Мери перекусила нитку, подняла на меня взгляд, и Голдберг во мне отошел так далеко в подсознание, что я решил, будто запутанность распуталась, на какой-то момент испугался этой мысли, но в следующую секунду мыслей не стало вообще, одни ощущения и эмоции: я целовал губы, лоб и щеки, и губы отвечали, и руки Мери обнимали меня, она царапала мне спину своими ноготками, это было так приятно и возбуждающе, что, как это уже бывало, я принялся целовать ее шею, и Поляков, как и Голдберг, исчез из этого мира, из всех миров бесконечных вселенных, я был не я, а мы, и мы не имели имени, потому что еще не родились, и потому что уже исчезли, и потому что будем всегда, а потом, когда вечность, в которую мы провалились, все-таки миновала, я лежал опустошенный и счастливый, смотрел в ее глаза и не мог решить, кто же я на самом деле: Поляков или Голдберг, или Голдберг-Поляков, или Поляков-Голдберг, или я вообще никто, или я — все мужчины всех вселенных, когда-либо любившие и любимые…

— У тебя взгляд Акелы, — пробормотала Мария-Луиза, закрыв глаза и глядя на меня сквозь веки: мне показалось, что так она видела меня таким, каким я и был в эту минуту — метавшимся между двумя личностями и не умевшим понять себя.

Я не был охотником, во всяком случае, не в том смысле, какой придавал этому слову Киплинг.

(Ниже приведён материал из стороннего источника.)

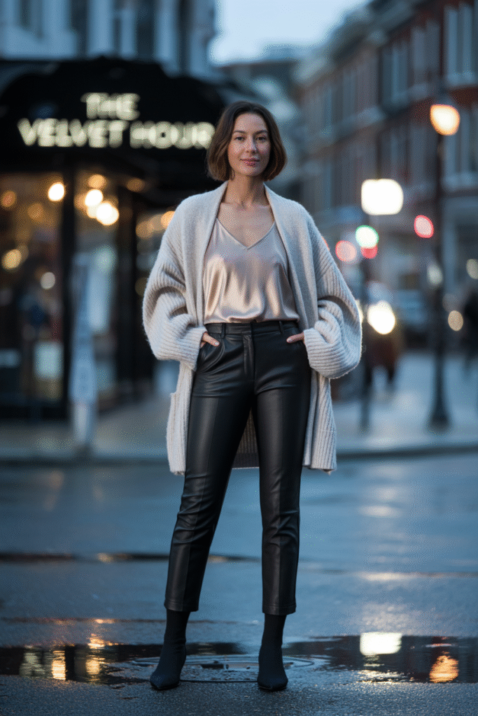 8) Oversized Cardigan Coat + Silk Cami + Leather Trousers + Sock Boots

Вспомнил, как первый раз прочитал «Книгу джунглей» — поздно прочитал, в пятом классе. Этой книги не было в домашней библиотеке, я сам ее приобрел на деньги, которые мама дала мне, чтобы я купил в школе бутерброд. Дорога в школу проходила мимо книжного магазина, я вошел и сразу увидел эту книгу: большую, с картинками, денег у меня хватило впритык, сдачу я получил пять копеек и, кажется, потерял, не помню, чтобы я их отдал маме или потратил на что-то еще (да и на что можно было потратить пять копеек?). А книгу читал вечером, вместо того чтобы делать уроки…

Я вспомнил, что «Книгу джунглей» мне прочитала мама, когда я еще не умел читать, — загрузила текст в е-бук и читала по складам, приучая меня запоминать буквы. Картинок, конечно, не было, только текст, картинки я рисовал в воображении, и Акела был у меня не волком, а огромным мужчиной в набедренной повязке и с длинным ножом в руке, это был, скорее всего, взрослый Маугли, таким мне представлялись все, даже Шерхан.

Мери, как всегда, была права: наверняка у меня сейчас был взгляд охотника, потому что я вспомнил еще одно, о чем забыл и сам поводырь, забыл намеренно, я не хотел помнить то, что неприятно, то, что заставляет думать о ненужном, печальном, неправильном. Если бы не вопрос Марии-Луизы, я бы не вспомнил. Вспоминается по ассоциации даже то, что стараешься забыть, — психоаналитики так «вытаскивают» забытые детские обиды и горести, и слова Мери ассоциировались в моем подсознании с банкой Орлина, где я был с группой из пяти человек.

Тогда я повел их дальше, и они забыли все, что происходило. Я тоже хотел забыть и долго потом водил группы по таким окраинным островам, что в памяти все смешалось, и воспоминание о банке Орлина разгладились, как скатерть, если навалить на нее несколько дюжин новых скатертей, новых памятей. Через год мне уже нужно было прикладывать мысленное усилие, чтобы вспомнить произошедшее, через два нужно было приложить мысленное усилие, чтобы вспомнить о том, что я должен приложить мысленное усилие, чтобы…

Через три года меня могла заставить вспомнить лишь случайная ассоциация — почти оторвавшаяся пуговица стала ею.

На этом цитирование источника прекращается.